Coming across this record reminded me that I had written a review of Agent Double OO Soul for my Fordham University, College at Lincoln Center newspaper that was paired with my write-up for Moon Records' Ska Face: An All American Ska Compilation (see a screen grab of both reviews below from the 2/22/89 edition of the CLC Observer; you can also find my review of the NY Citizens' On the Move in the 3/23/89 issue). Even though there weren't that many ska fans at my college, The Untouchables were a familiar name to many, as they opened for UB40 at a concert at Fordham's Bronx campus in the fall of 1985 (unfortunately, I did my freshman fall semester at a college out in Ohio before transferring to Fordham in winter of 1986, so I missed this performance).

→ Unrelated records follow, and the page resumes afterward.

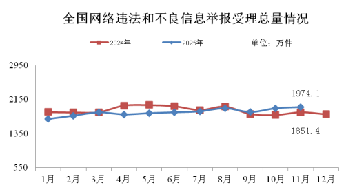 2025年11月,中央网信办举报中心指导全国各级网信举报工作部门、主要网站平台受理网民举报色情、赌博、侵权、谣言等违法和不良信息1974.1万件,环比增长1.5%、同比增长6.6%。其中,中央网信办举报中心受理举报49.9万件,环比增长39%、同比增长27.3%;各地网信举报工作部门受理举报70.8万件,环比下降46.2%、同比下降47.6%;全国主要网站平台受理举报1853.4万件,环比增长4.2%,同比增长10.5%。
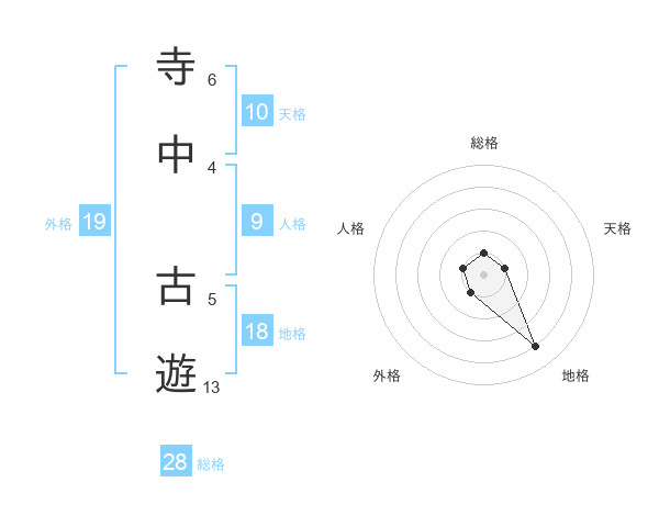 寺中 古遊さんを姓名の画数から五運を鑑定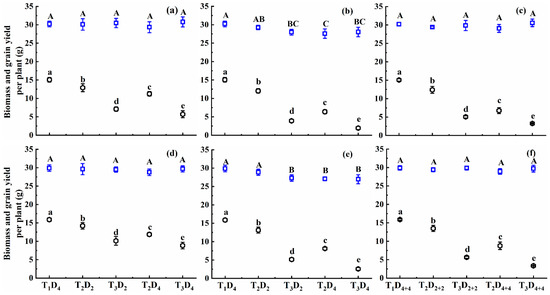 Biomass per plant at maturity (BPPM) and grain yield per plant (YPP) under different high-temperature treatments at booting, flowering, and combined stages during the 2016–2017 growing seasons. (a) Huaidao-5 at booting treatment; (b) Huaidao-5 at flowering treatment; (c) Huaidao-5 at combined stages treatment; (d) Wuyunjing-24 at booting treatment; (e) Wuyunjing-24 at flowering treatment; (f) Wuyunjing-24 at combined stages treatment. □ indicates BPPM and ⬡ indicates YPP. Different letters indicate significant differences at the 0.05 level. Vertical bars represent the standard deviation of the mean.
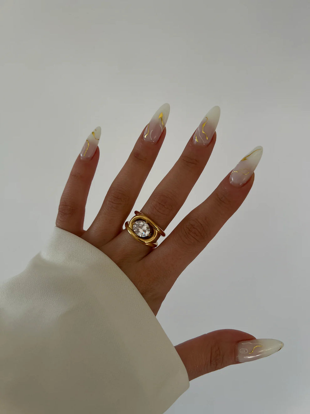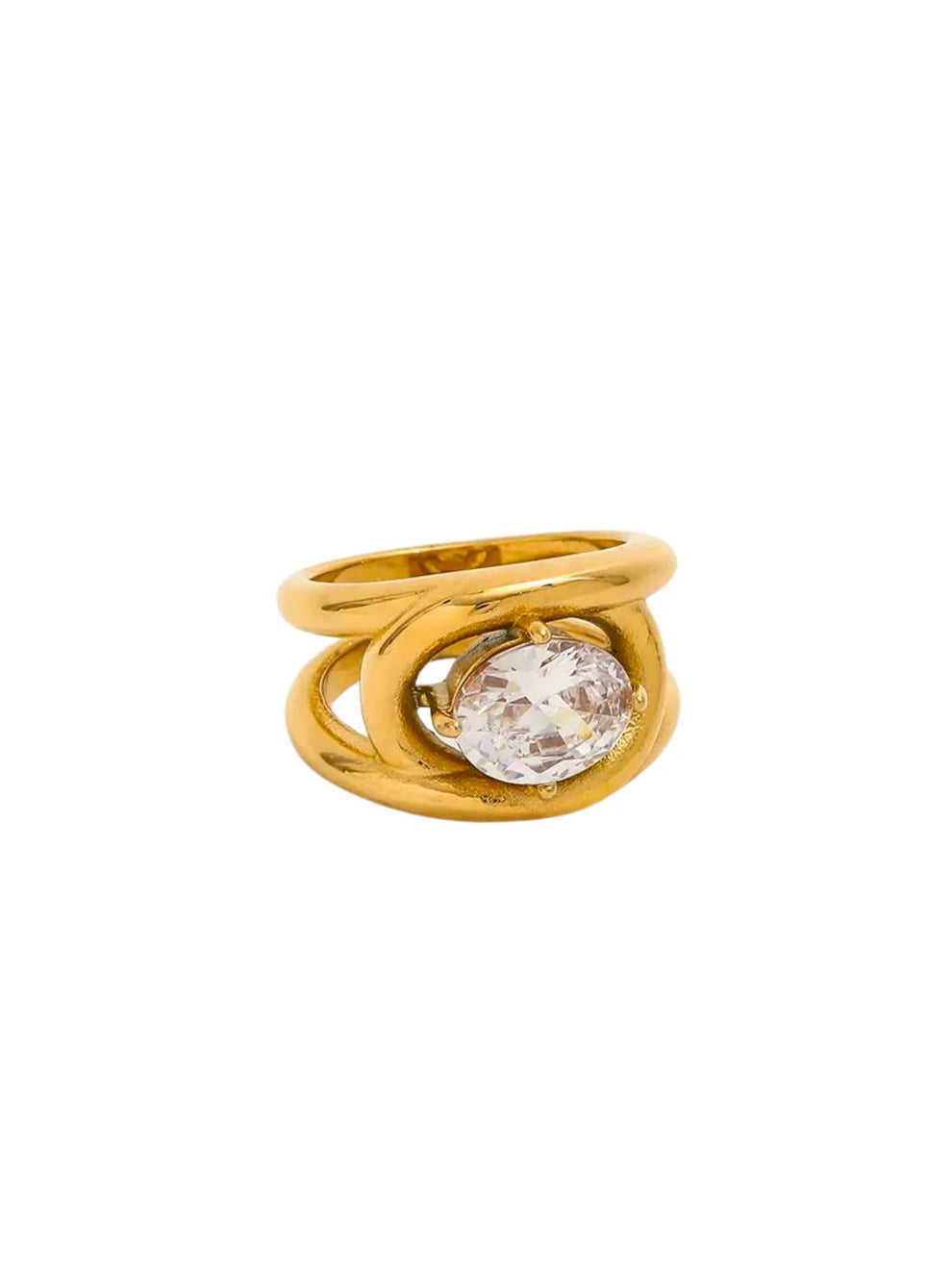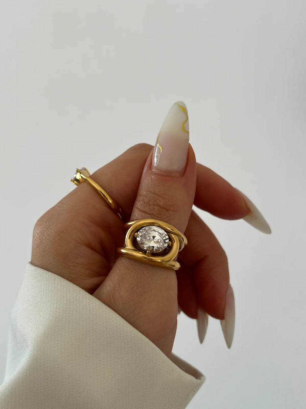 Add a touch of glamour to your style with this striking intertwined design ring. Its unique and sophisticated structure combines modernity and elegance, making this ring a perfect accessory to stand out on any occasion.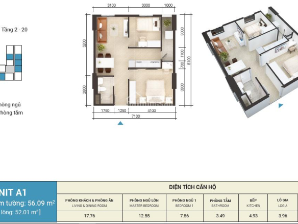 Diện tích nhà 56 m²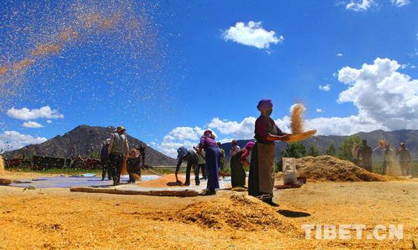 青藏高原上,正在忙着享受秋收快乐的村民。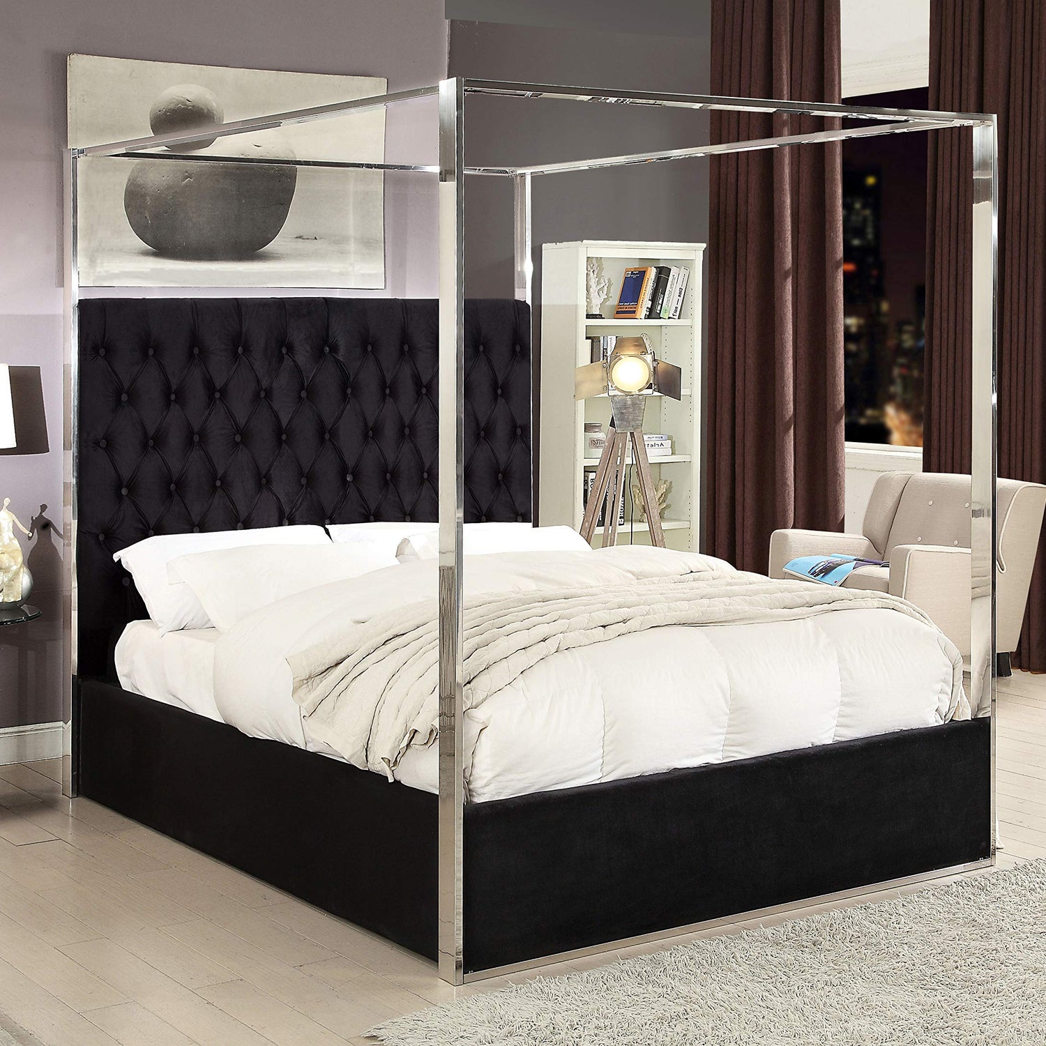 Details: Dream big in the Porter black velvet canopy bed. This handsome Meridian Furniture bed has a tufted headboard that stands a full 60 inches tall, giving the bed a regal and sophisticated look. The headboard is tufted for added elegance, and the bed comes with a chrome canopy, adding to its overall elegance and grandeur. Black velvet fabric used on the sides and headboard gives it a luxe vibe, and the headboard is heavily padded, making it an ideal backrest for reading or watching TV.
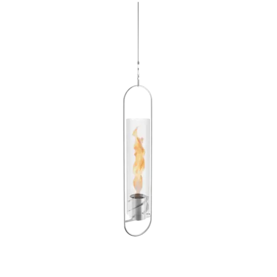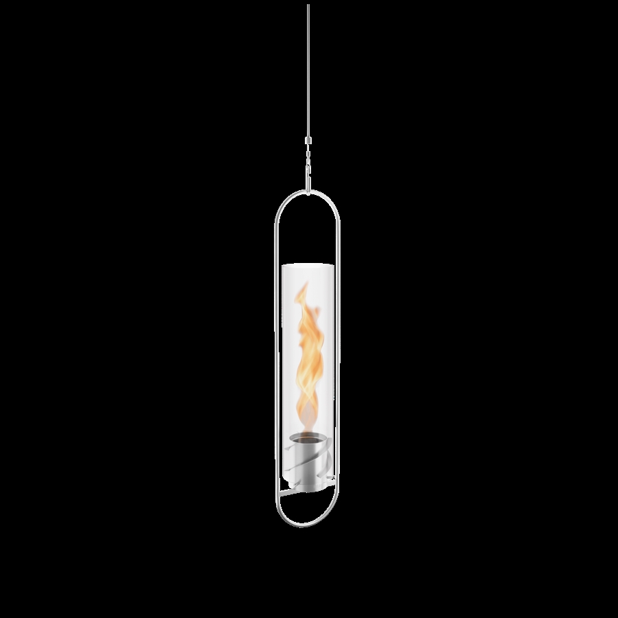Hængende pejs med valgfri forlængelse til en bordpejs, lanterne eller havefakkel. Prisvindende design. 500% flammeboost: roterende flamme og skorstenseffekt. Udstråler behagelig varme: 1200 W ved hjælp af SPIN 90. Højdejusterbar takket være fin rustfri ståltråd. Sikker brug også indendørs, certificeret af et laboratorium til indendørs brug i overensstemmelse med DIN EN 16647. Lugtfri og røgfri takket være økologisk høbioethanol. Brændetid SPIN 90 ca. 60 min. med ca. 225 ml höfats bioethanol brændegel. Leveringsomfang: ophængningssystem, vingehus, gelbrændstofkop, glascylinder, slukningslåg. Bemærk venligst: SPIN hængepejsen fås i øjeblikket kun i sølv. SPIN 90 kan kun betjenes med bioethanolgelbrændstof. Vores økologiske höfats bioethanolgelbrændstof er ikke inkluderet i leveringen. Kun det medfølgende slukningslåg må bruges til at slukke flammen. SPIN er ikke tilladt som varmelegeme i permanent brug.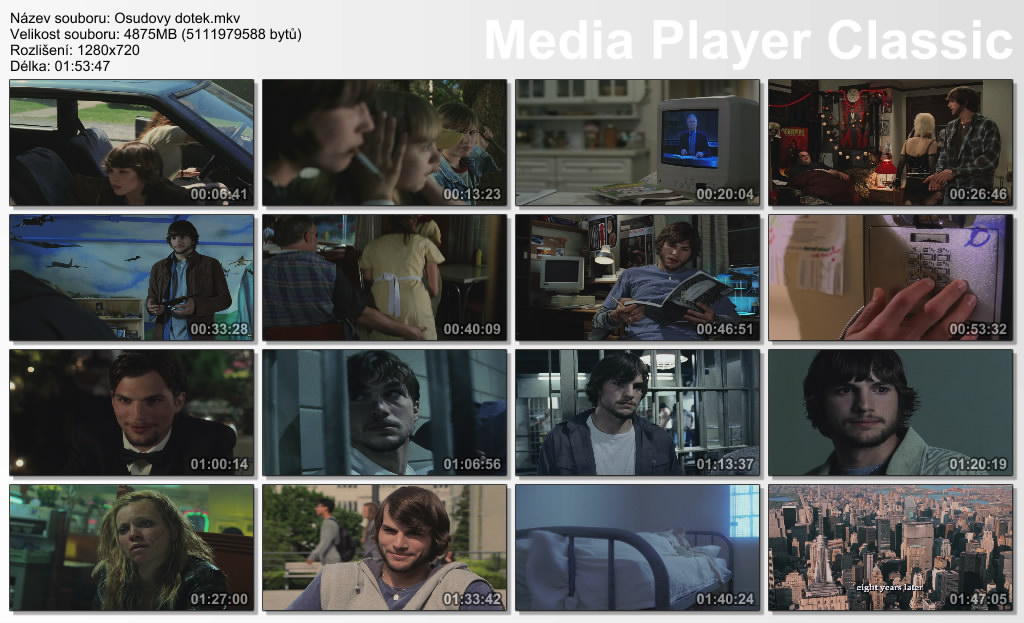 Popis: Osudový dotek je napínavý thriller odehrávající se mezi minulostí, přítomností a budoucností. Mladý fyzik Evan Treborn ((Ashton Kutcher - )) se vydává díky svým zápiskům z dětství na riskantní cestu do minulosti, aby ji změnil, napravil své chyby a setkal se s láskou svého života. Nebezpečný experiment se mu však vymkne z ruky a následky jsou hrůzostrašné...

While my review of Agent Double 00 Soul might have been a bit overly positive and enthusiastic, it certainly wasn't the bomb that many deemed it to be. Like Fishbone's extraordinary Truth and Soul (which was released around the same time), Agent Double 00 Soul is poorly sequenced, burying all of the ska and reggae tracks on side two, many of which happen to be the strongest songs on the album (see "World Gone Crazy," "Cold City," "Shama Lama," "Cool Boy," "Education," and "Sudden Attack"). But, all in all, on Agent Double 00 Soul, The Untouchables had strayed too far from their brilliant and perfectly calibrated balance of Wild Child ska, soul, and r and b.


The UT's comic book!
When what may have been the last NYC Untouchables' date was announced for late April of 1989 at Joey Ramone's basement Downtown club (at the corner of Bond and Broadway), my friend and fellow ska fan Andy was reluctant to see the show, since he'd heard bad things about the record from some of his other friends. But once we were there, he was all in, as The Untouchables unleashed one of most brilliant and energetic live performances I've ever seen (Black Rock Coaltion funk-metal rockers 24-7 Spyz were also on the bill and were extraordinarily good). Much of the set was comprised of cuts from Wild Child, as well as the better ska/reggae songs off Agent OO Soul, but even some of their shakier tracks from Soul sounded pretty awesome in their live versions.

Walking in the rain back up Broadway toward Union Square after the gig (we were already soaked from dancing to the UTs), Andy and I passed a construction site across the street from The Cat Club (where Moon Records' NYC Ska Live would be recorded about a year later) that had a huge, many-layered section of wheat-pasted gig posters that was starting to separate from the plywood wall in the downpour. The Untouchables' poster for their Downtown gig was on the top layer, so we liberated what must of been a three feet wide by eight feet tall section of them (with countless other posters beneath them) and somehow got it back the apartment I shared with four other Fordham students up at 125th and Broadway (where my tiny bedroom was at eye level with the elevated number 1 subway train). This giant, sagging strip of posters was propped up against one wall in my room for the rest of the semester, but ended up in the garbage when our lease was up that summer. I was moving into my first post-college apartment with a bunch of friends and my girlfriend (now wife) and this large, dirty, and unwieldy bit of music ephemera had to go; we just didn't have the space.

My Untouchables shirt that I bought at their gig at Downtown in Manhattan on 4/29/89.